A key innovation was the introduction of roasted and pre-packaged coffee for the consumer market. Coffee had previously been sold in five- and ten-kilogram packages under the Paulig name, but in 1924 the company began selling roasted coffee in half- and quarter-kilogram packages, firmly establishing coffee as a branded product. The oldest of the company's current coffee brands date from 1929. At the same time, packages began to carry date markings, reinforcing consumer confidence in the product's freshness and quality.

Eduard Paulig also broadened the company's activities in spices, tea — introduced in consumer packaging from 1933 — and dried fruit. In 1938, Paulig's market position in dried fruit was in fact stronger than its position in coffee. Sales of bulk commodities such as flour and sugar gave way to specialised and processed products.

== Wartime and new areas of activity ==
Both World War I and World War II severely disrupted Paulig's operations through import restrictions. During these periods the company developed and sold coffee substitutes and coffee blends with little or no actual coffee content. It was not until 1948 that sales of real coffee again exceeded those of substitute products.

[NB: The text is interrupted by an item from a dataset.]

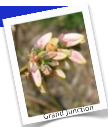
Van Buren County Jersey in Covert and Blueray in Grand Junction are at pink bud, and Bluecrop in Grand Junction is at late pink.

During World War II, Eduard Paulig invested in deep-freezing technology, introducing frozen foods to the Finnish market. Production began in 1942 using German technology to supply the Finnish armed forces, and expanded to civilian consumers in 1944; Paulig continued to manufacture frozen products until 1987. The company also began producing ice cream in 1949. During the war years, hot-air drying was introduced for preserving vegetables, a technique used until 1949.

== Sales organisation and marketing ==
Eduard Paulig established direct trading contacts with coffee-producing countries and travelled to South, Central, and North America, including trips in 1927 and 1949. In Finland he built up an efficient nationwide wholesale organisation during the 1920s and 1930s. For the retail trade, the company developed the Nissen chain of shops and cafés, acquired in 1909 and closed in 1945.

During his tenure, the Paula Girl was introduced in 1950, a marketing concept brought back from an American trip by his son Henrik Paulig. Dressed in a Finnish folk costume and carrying a gleaming copper coffee pot, she travelled the country promoting Paulig's coffee, and her image also appeared on coffee packages.

== Later years ==
Eduard Paulig served as chairman of the board of Paulig until his death in 1953. Under his leadership the company underwent a decisive transformation from a trading house into a food industry enterprise focused on branded goods, and the direction he established continued to shape the company's development under his son and successor Henrik Paulig. Eduard Paulig is regarded as one of the most influential figures in the Finnish food industry in the first half of the twentieth century.